DETAILED DESCRIPTION OF A PREFERRED EMBODIMENT
The stranding or cabling machine illustrated in FIG. 1 is of the
"inner take-up" type and comprises supports 10 and 11, carrying a
twisting unit generally indicated by the reference numeral 12. The
twisting unit 12 comprises two mutually aligned, rotatable shafts
13 and 14. The shafts 13 and 14 are seated respectively in seats 15
and 16 and are arranged to be driven by a driving system including
a belt 17 for driving the shaft 13, a transmission shaft 18, and a
belt 19 for driving the shaft 14. Both belts 17 and 19 are
operatively connected to the transmission shaft 18 to synchronize
the speed of the two shafts 13 and 14.
Each of the shafts 13 and 14 carries an arm, keyed to the shaft for
rotation therewith. In the preferred embodiment shown in the
drawing, the arms 20 and 21 of the shafts 13 and 14 respectively
are formed as disc-shaped elements hereinafter referred to as
"discs," but the arms could be conically or otherwise shaped
elements extending generally perpendicular to the axis of rotation
of the shaft.
Each of the shafts 13 and 14 also carries, mounted in proximity to
its disc 20 or 21, a wire deflecting pulley 22 or 23, respectively.
Groups of pulleys 24, 25 and 26, 27 are mounted on the discs 20,
21, respectively, just within the periphery of the discs 20, 21 and
in proximity to the ends of respective transfer tracks 28 and 29.
The straight line configurations of the tracks indicated by the
dashed lines 28 and 29 show the tracks in rest position.
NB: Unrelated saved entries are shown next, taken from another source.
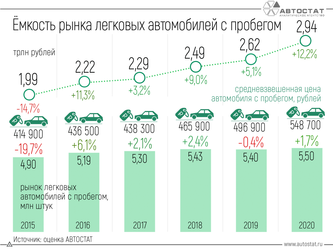 В то же время росли и цены на подержанные машины. Если в 2015 г. за них, в среднем, платили около 415 000 руб., то в прошлом году эта цифра выросла до 548 700 руб. (+32%). В денежном эквиваленте это составило скачок с 1 990 000 000 000 до 2 940 000 000 000 руб.
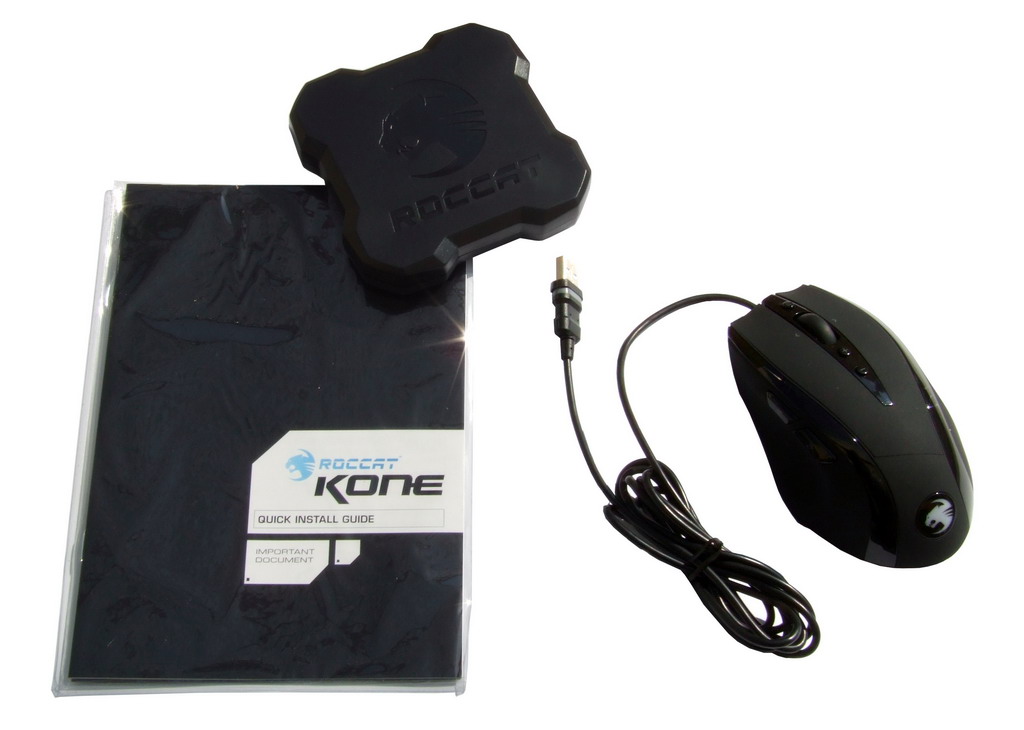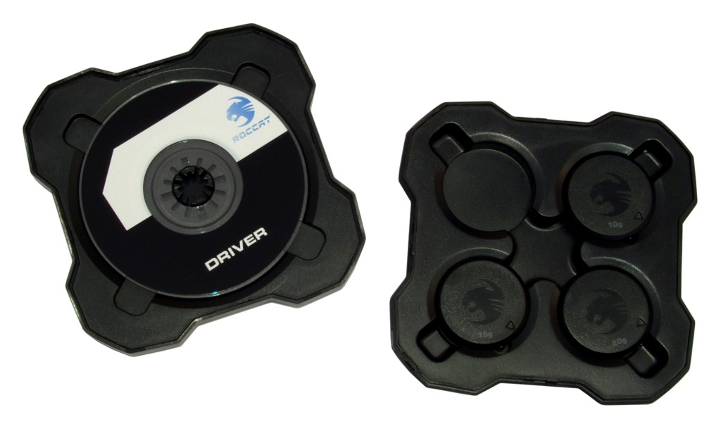 Roccat liefert die Kone mit einer Palette an Beigaben aus: So finden wir neben der Maus eine Kurzanleitung, eine Box mit Gewichten zu 5, 10, 15 und 20 Gramm, eine Treiber-CD sowie als besonderes Gimmick Die Akte Inari, in der die pseudowissenschaftlich dokumentierte Entdeckung des Aimo, eines neuen chemischen Elements, das die Eigenschaften der Roccat-Produkte maßgeblich bestimmen soll, beschrieben wird. Diese Beigabe ist zwar unnötig, aber witzig und hebt sich vom martialischen Auftreten manch anderer Hersteller etwas ab. Zudem enthält die Verpackung noch eine ID-Card in der Machart einer Kreditkarte, mit der man sich auf der Roccat-Homepage kostenlos registrieren kann, um Zugriff auf zusätzliche Angebote des Herstellers zu erhalten.
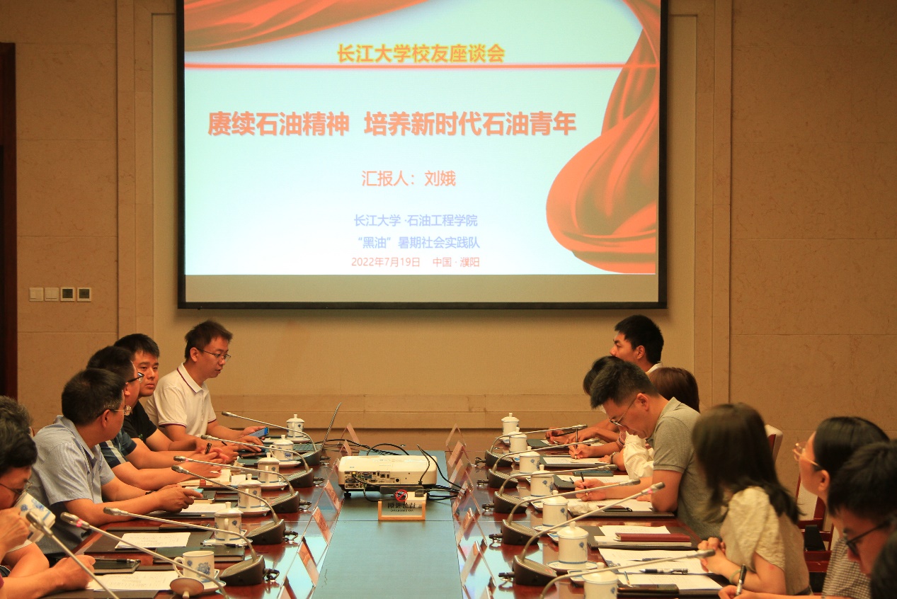 龙乡伟力,青年赋能。在中原油田公司李建雄经理介绍入场嘉宾之后,座谈会便从一个宣传片正式开始。“目光所至,皆是石油精神,皆是青年担当。”,通过简短的视频,向队员们展现了中原油田展示了磅礴的创造伟力:每年高起点研究项目550余项,建立国家级、省市级重点实验室若干;在创新领域,他们不甘落后,建立创新工作室、创新成果孵化基地、创新发展联盟;他们激情四射、热爱生活,不惧挑战,拥抱变化,以“传承、创新、多元、进取,并且永不满足”为口号,履行社会责任,彰显国企担当。

The curved
configurations of the tracks 28 and 29 shown in solid lines at 28a
and 29a indicate the elongation of said transfer tracks in response
to centrifugal force during operation under normal working
conditions.
In the embodiment of the stranding-cabling machine of the invention
shown in the drawing, the track 28 behaves in operation as a true
transfer track for carrying wires 30, which have been subjected to
a first twist. The other track 29 serves only to counterbalance the
track 28 during operation, and carries no wire. The track 28
comprises two wire cables or steel ropes 31 and 32 but could
alternatively have but a single rope. The ropes 31 and 32 are
stretched between the disc-shaped element 20 and the element 21 and
are carried by the races of lateral pulleys of the pulley groups 24
and 26. FIG. 2 of the drawing shows only the lateral pulleys 33 and
34 of the pulley group 26, but it will be understood that the
arrangement of the pulleys of group 24 at the disc 20 can be
similar. The rope 31 is carried by the race of pulley 33 and the
rope 32 is carried by the race of pulley 31. One end of each of the
ropes 31, 32 can be secured directly to the outer face 44 of disc
20 and the other end of each rope 31, 32 engages the outer face 45
of disc 21 as shown in FIG. 2, through an elastic extension and
recovery mechanism for each rope, namely the mechanism 47 for rope
31 and the mechanism 48 for rope 32.
The extension and recovery mechanisms 47 and 48 for the steel ropes
31 and 32 of the transfer track 28 allow the steel ropes to be
extended to a limited decree to take on a curved configuration
under tension in response to centrifugal forces resulting from
rotation of the twisting unit 12 and also provide for recovery,
i.e., shortening and straightening of the transfer track 28 from
the extended operating position (28a of FIG. 1) when the
centrifugal forces decrease.
The recovery mechanism 48 is a mirror symmetrical image of the
mechanism 47, so the mechanism 47 will be described with odd
reference numbers and even reference numbers in parentheses will
refer to similar elements of the recovery unit 48.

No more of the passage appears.